Все хорошо вовремя, и едва ли настоит надобность объяснять эпитет яичка тем мелким историческим фактом, что в XV веке во Пскове архиепископский наместник брал с крестьян, игуменов, попов и дьяконов по новгородской гривне за великолепное яйцо. Если уже соображать старинную ценность не материальную, а нравственную, то несомненно дороже стоило не псковское, а московское яйцо времен царских, когда этого рода пасхальные дары жаловались по выбору: иным золоченые, другим простые красные; иному по три, другим по два и по одному (младшим). Немногие бывали осчастливлены лицами, расписными по золоту яркими красками в узор или цветными травами, «а в травах птицы и звери и люди». Московскому патриарху каждогодное великолепное яйцо стоило, кроме разных материй, три сорока соболей и ста золотых. Подешевле обходились лишь «принос» или «дар» именитому человеку Строганову, представителю целого края России: он обыкновенно подносил государю и царевичу по кубку серебряному, по портищу бархата золотного, по сороку соболей и наконец каждому члену царского семейства известное число золотых.

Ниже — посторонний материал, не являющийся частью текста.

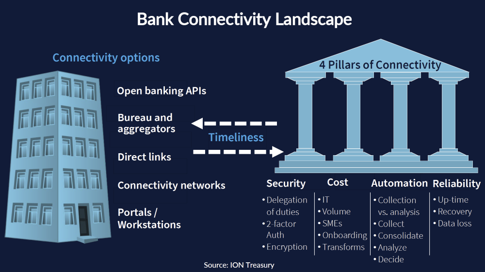 - As ION noted, the bank connectivity part of APIs is all about timeliness and improving the security, cost, automation and reliability of connections (the four pillars of connectivity—see chart) between banks and corporate treasuries.
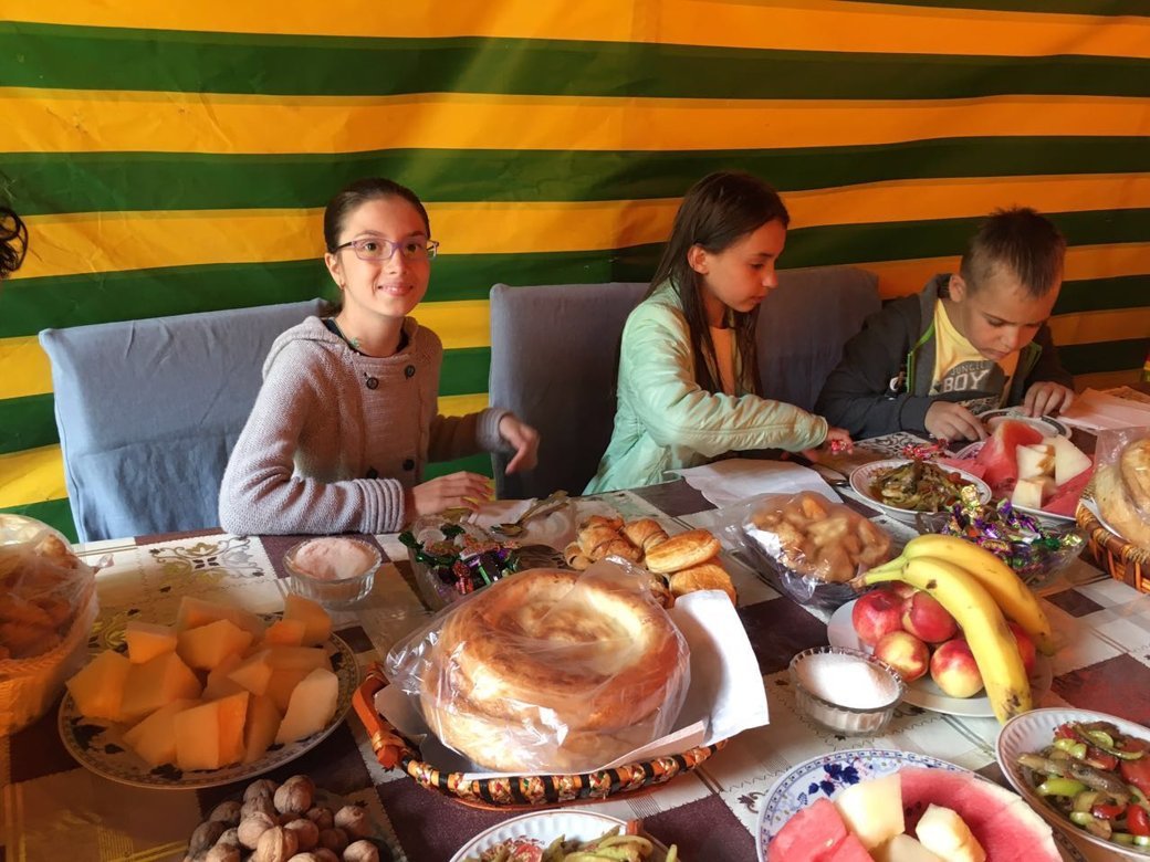 В первый день пути мы посетили Кафедральный Воскресенский собор г. Бишкека, где приложились к мощам Ираклия Иссык-Кульского, руководитель паломнического отдела Неонила Максимовна провела для нас экскурсию по территории собора. После обеда мы отбыли в заветный путь - на побережье озера Иссык-Куль в г. Балыкчи, где остановились на три дня при храме в честь блаж. Ксении Петербуржской. Настоятель храма, о. Афанасий окормлял нас духовно и, незаметно для нас, старался устроить наш быт наиболее интересно для детворы и удобно для взрослых. Назидательно, с огромной любовью, тонким и добрым юмором, с заботой и пониманием он молился с нами, читал нам вслух за трапезой, исповедовал, подсказывал, смотрел с детворой полезное кино, беседовал со всеми вместе и по отдельности. Мы ходили на пляж, купались и ныряли с пирса, от души любовались закатами, рисовали пейзажи, и под руководством батюшки скорректировали свою дальнейшую программу так, чтобы посмотреть как можно больше красивых и благодатных мест на Иссык-Куле.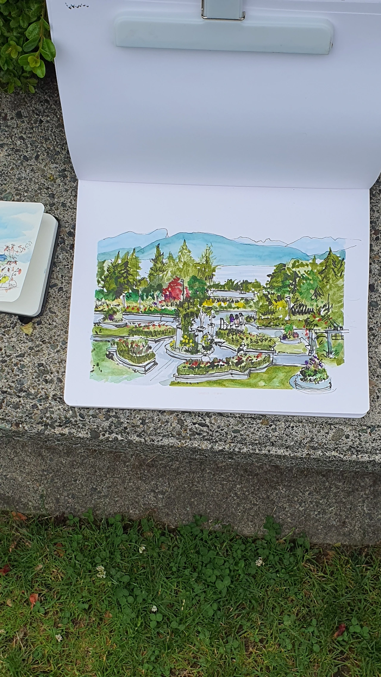 그러다 Meet up이라는 모임 어플에서 밴쿠버 어반 스케치 그룹을 발견했고, 다음날 오전에 걸어서 10분 거리에 있는, 내가 밴쿠버에 와서 처음으로 일몰을 보며 감탄했던 로즈 가든에서 스케치 모임이 열리는 것을 보고 바로 참가 신청을 했다. 지난 15년 동안 종종 어반 스케치를 하는 사람들의 글과 영상을 보기도 하고, 고궁이나 공원에서 함께 그림을 그리고 있는 사람들을 보며 나도 한번쯤 그런 모임에 나가보고 싶다는 생각을 했었는데 그 시작이 해외에서일 줄은 몰랐다.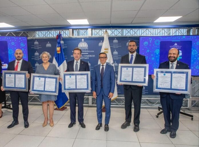 La entrega de certificaciones se llevó a cabo en la sede del MICM por Ricardo Jiménez, gerente Comercial Internacional del Instituto Colombiano de Normas Técnicas y Certificación (ICONTEC), entre otros.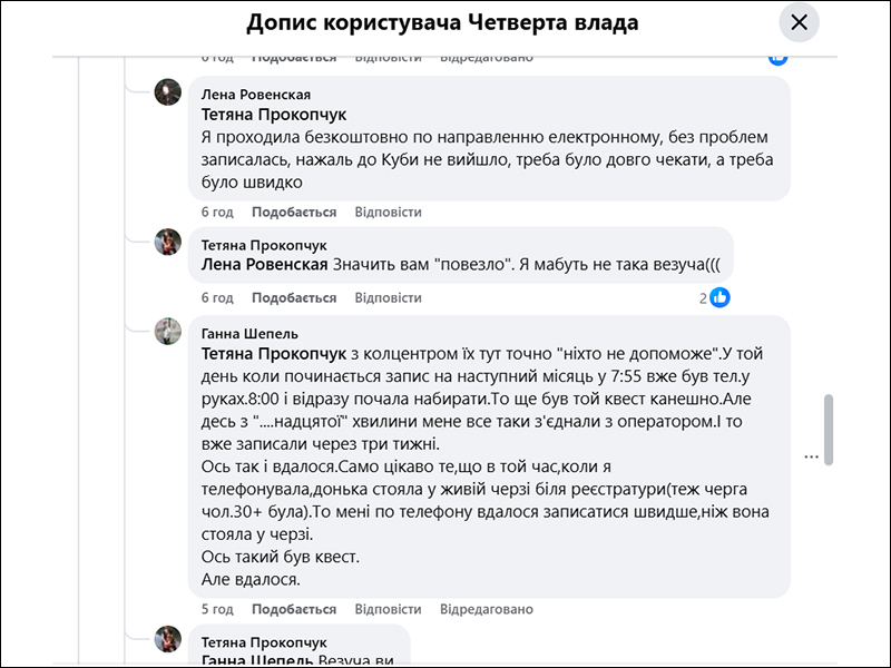 - «Випишуть таку жовту совдепівську ще (ймовірно, мова про паперове направлення на медпослугу, яке не фіксується в електронній системі охорони здоров’я. – Авт.), а що людина у такому стані розуміє. Потім читаєш і диву даєшся, який цинізм. Ба більше: не заплатиш, скажуть: “Їдь у Київ, заплатиш ще більше”. А тут болить»;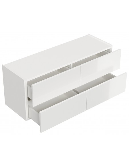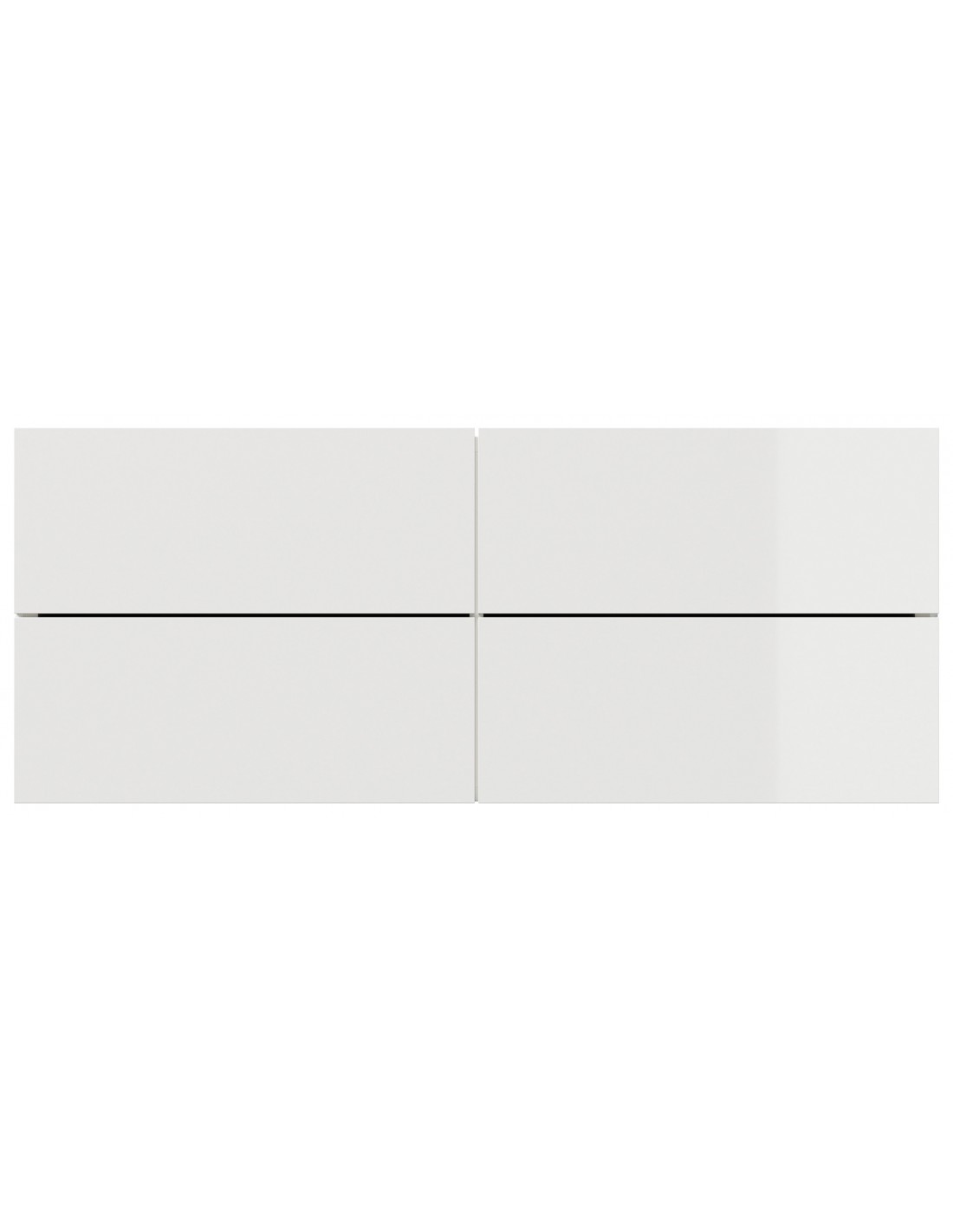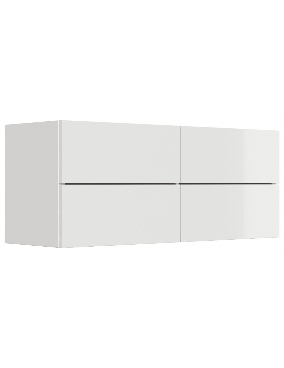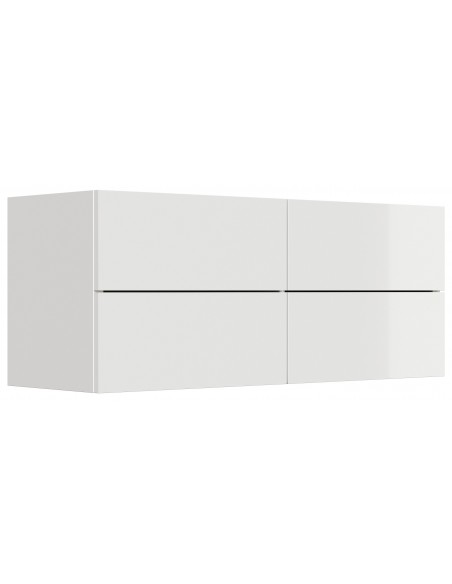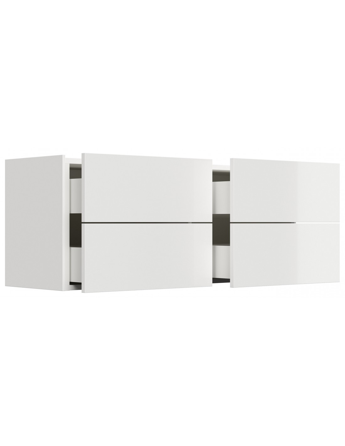 Væghængt garderobe udført i et design af hvid højglans mdf. Garderoben måler 42,4 cm i højden og 104,7 x 36 cm i bredde og dybde. Skufferne er med push-to-open funktion.
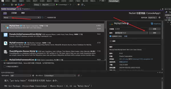 - 在浏览选项卡中搜索“Mysql.data”,选择适当的版本(例如6.10.9)进行安装。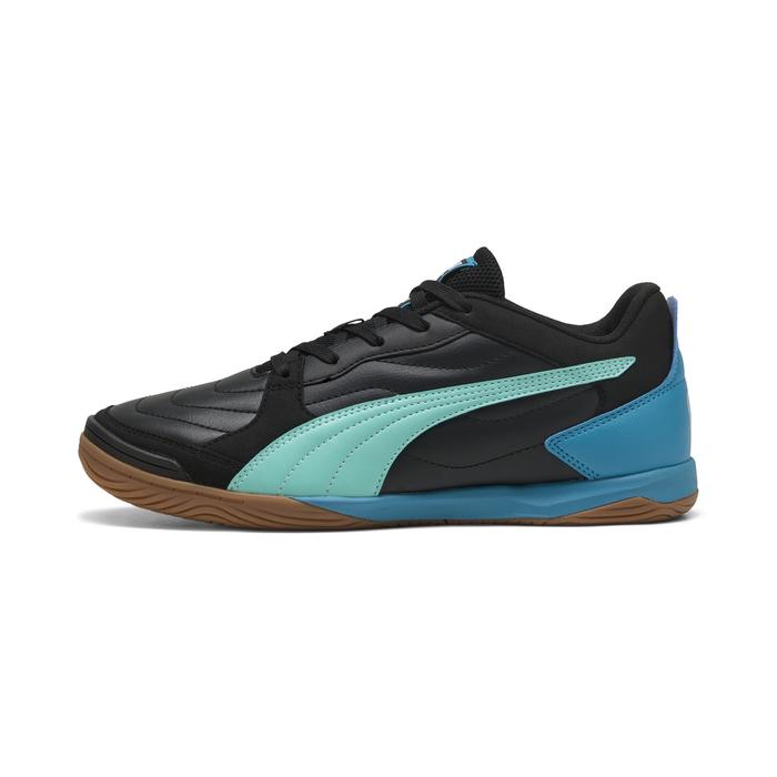 PUMA Sepatu Futsal Pria PRESSING IV Black-Aquatic-Tropical Blue-White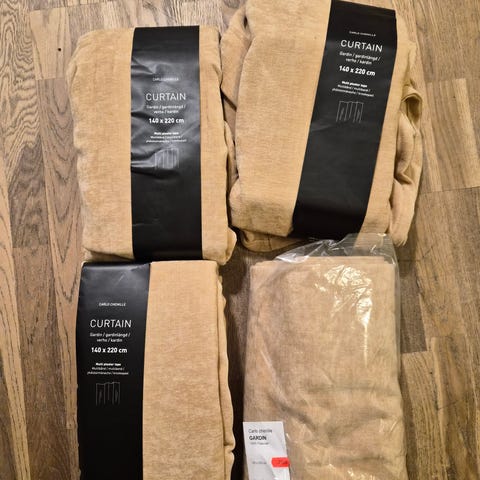 Da jeg skulle ha tak skinne tenkte jeg ikke på at ikke gardinene kunne brukes til den typen jeg har kjøpt. Så må dessverre selge favoritt gardinene mine. Det er pris 200 kr per stk av velur gardinene og 50 kroner stk du brukte gjennomsnittlig hvite. Jotex hvite gjennomsnitt er lengde 250 med 2 pakker med 4 gardiner til sammen. 200 per pk.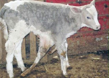 見過這樣的牛嗎?走路閑著3條腿。它不是練過“金雞獨立”,而是生下來就長了7條腿。 “7腿?!蹦壳盎窘】?/P> 長著灰白花的小牛犢身材和其他牛犢一樣,除了正常支撐身體的4條腿外,在牛犢的胸腹部,還“悠蕩”著另外3條腿,其中一條腿的大小和牛犢的正常腿幾乎差不多,只不過腿根部位沒有骨關節(jié);另外兩條腿則只有約40厘米長,在胸部下方呈彎曲形悠蕩著。 本文來源: 華商晨報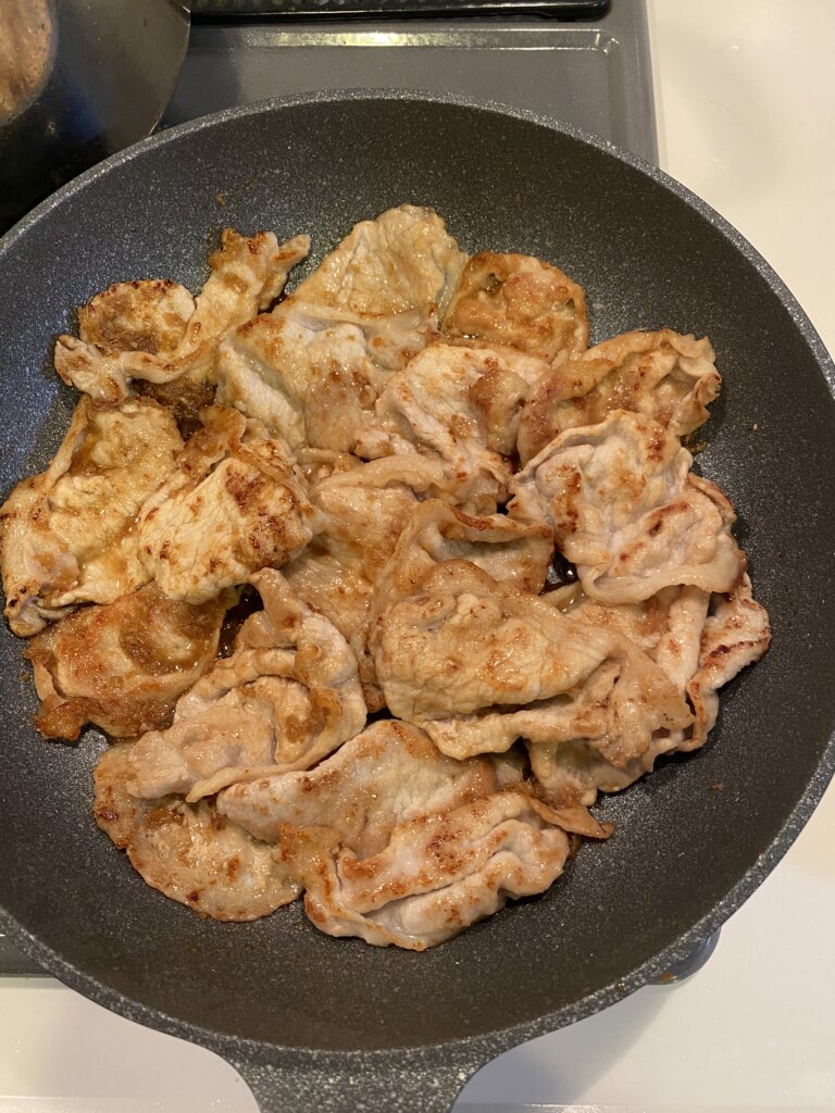 小麦粉をまぶした豚肉をフライパンに焼き付けて、最後にしょうが焼きのたれを投入!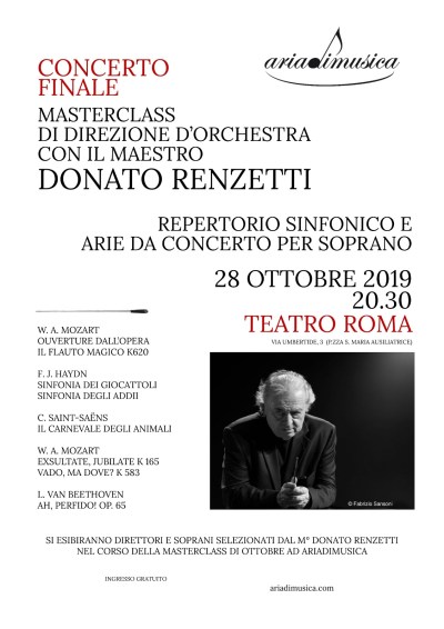 Siamo felici di girare ai nostri amici il loro invito al concerto di fine masterclass di direzione d’orchestra che si terrà lunedì 28 ottobre 2019 alle ore 20.30 al Teatro Roma in Via Umbertide 3 (Piazza Santa Maria Ausiliatrice).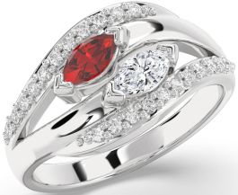 This captivating gold Promise ring showcases two marquise-cut gemstones—one deep red and the other a brilliant white—set side by side in an open bypass design. The vibrant stones are cradled by petite heart-shaped prongs and flanked by twin rows of shimmering round diamonds that arc gracefully along the split band. A bold yet elegant piece symbolizing passion and harmony.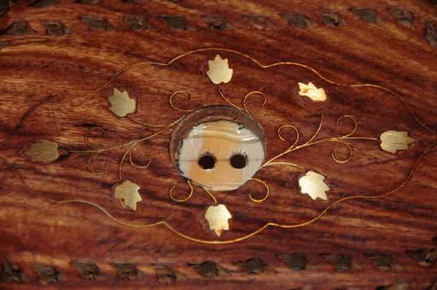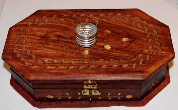 Pega el trozo de madera dentro de la caja y ajustarlo para que encaje los tornillos en el conector de alimentación de la bombilla en su lugar en los imanes y el bulbo se mantiene en su lugar.

Для задачи объяснения ходячих выражений и крылатых слов гораздо важнее значение напр. «новоженой куницы», — платы за венчание, по необыкновенной живучести с первых веков истории до ныне. Название ценного пушного зверка в этом смысле кое-где сохранилось до сих пор, что очень знаменательно. Учреждение этой подати в казну удельных князей — очень древнее, одновременное с «полюдьем» и «погородьем», теми данями и дарами, которые собирали князья во время объездов своих волостей для вершенья судных дел. Эти дани упоминаются еще в XII веке, Потом это название исчезает, но куница до сих пор не забылась в народе. В Белоруссии всякий жених, кроме свадебных угощений, обязан «годзиць куницу», т. е. платить священнику за венец. Это исполняют сваты, обязанные, сверх того, непременно поднести матушке-попадье петуха. Может быть в очень отдаленную и глухую старину, когда меха пушных зверей заменяли деньги и были «кунами» — ходячею разменною единицею, куница или ценность ее полагалась мерою при покупке в дом работницы. И это могло быть повсеместным обычаем. Теперь же в Великороссии куница вспоминается еще при свадебных обрядах, но старинный прямой и безраздельный смысл ее совершенно утрачен. По старинному напр. на нашей памяти величали новобрачных пожеланием (около Галича):
Сваты приходят в невестин дом «не за куницей, не за лисицей, а за красной девицей». Кое-где просят выкупом за невесту куницу да еще и лисицу (по пристрастью к созвучиям) с придатком золотой гривны да стакана вина. Дружки, в приговорах своих, также безразлично приплетают сюда еще соболя («повар — батюшка, повариха — матушка, встань на куньи лапки, на собольи пятки», и т. д.). В северо-западной России народ гораздо последовательнее и тверже в старых памятях и заветах. Так напр. там везде значение куницы перенесено и на самое заявление священнику о желании венчаться. Куницу мириць или годзиць являются целой гурьбой, и потом хвастаются: «уле хвала табе Господзи, куницу помирили и запывидза (запоины, пропоины невесты) пошла». Во время крепостного права куницей исстари назывался также выкуп у пана-владельца невесты вольным человеком, избравшим крепостную девицу, которая таким образом выходила в чужую вотчину, и за нее давали деньги. Священнику за венец не всегда платят наличными деньгами, а иногда рассчитываются и работой. В некоторых местах (напр. Витебской губернии) слово куницу также забыли (говорят «попа мириць»), но смысл сохранился, и сейчас можно слышать это старинное выражение цельным на окраинах той же губернии, смежных с губерниями: Смоленской и Могилевской. Надо надеяться, что изречение это и здесь затеряется, когда окончательно исчезнут все следы крепостного быта и потускнеет об нем представление.